Smith v. United States

93 F. 194 | 2d Cir. | 1899

PER CURIAM.

The importations in controversy were “crocus,” an article which is produced from the dross or residuum of burnt pyrites treated by a process to eliminate the sulphur, and which is used principally as a polishing powder, but to a considerable extent as a painter’s color. This appeal presents the question whether the importations should have been classified for duty under paragraph 61 of the tariff act of 1890 (26 Stat. 567, c. 1244), or under paragraph 138, or under those tariff: provisions applicable to articles not enumerated or otherwise provided for in the act. Paragraph 61 subjects to duty “all other paints or colors.” Paragraph 133 subjects to duty “iron ore, including * * * the dross or residuum from burnt pyrites.” The importations are clearly not within the designation of paragraph 133, because they have been advanced beyond the category there defined, into an article having a distinctive name and character, by a process of treatment which adapts them to a different use, although not exclusively so. Although they are not described by the specific name by which they are commonly called, they meet the description of a paint or color as fully as do many other articles enumerated under that general classification. Paragraph 61 is the concluding clause of the schedule in the act entitled “Paints, Colors and Varnishes”; and the preceding clauses of the schedule enumerate among other paints and colors such articles as “ochery earths,” “sienna earths,” “umber earths,” “barytes,” “whiting,” and “oxide of zinc.” Paragraph 61 is intended to prescribe the duty on all other paints and colors not specifically mentioned in the preceding clauses. As the importations are within the description of the paragraph, and are nowhere else enumerated in the act by their specific name, that paragraph supplies their appropriate classification for duty purposes. Being there enumerated by a general descriptive term, those provisions of the tariff act relating to articles not enumerated or not otherwise provided for cannot be resorted to for the purpose of ascertaining their proper classification.

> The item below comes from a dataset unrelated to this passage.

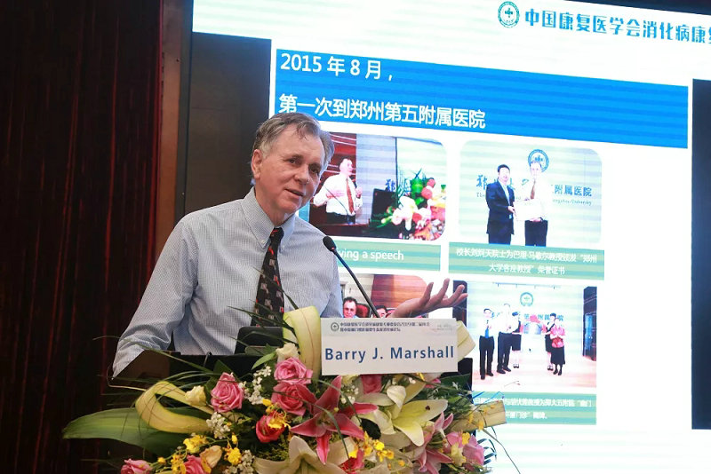 巴里·马歇尔因发现胃中幽门螺杆菌与慢性胃炎、消化性溃疡及胃癌之间的关系而获得2005年诺贝尔生理学或医学奖。自2015年起,马歇尔教授与郑州大学开展紧密合作,依托郑大五附院建立“郑州大学马歇尔医院”和“郑州大学马歇尔医学研究中心”。同时,马歇尔教授还是郑大五附院的兼职教授,与郑大五附院共同培养博士。

If the importations were not capable of use as colors, they would not be dutiable under paragraph 61, because they would not have been colors in fact. But because they were adapted also for some other use, though that were the predominant use, they were none the less colors. The test of predominant use is only resorted to in those cases where it is necessary to find the proper location of a dutiable article which falls within two or more classifications, either of which, standing alone, would adequately describe it, and in those cases in which an article is enumerated by reference to its use. Thus, if a duty were imposed by the act upon “polishing powder,” and an-. other upon “colors,” and there were no other provisions indicative of the legislative intent, the importations now in controversy would be described by both, and it would be appropriate to resort to that test; and, because the predominant use of crocus is as a polishing *196powder, it would be more appropriately located for duty under that provision.

We concur in the conclusions réached by the court below (8á Fed. 158) and by the board of general appraisers. The decision of the circuit court is affirmed.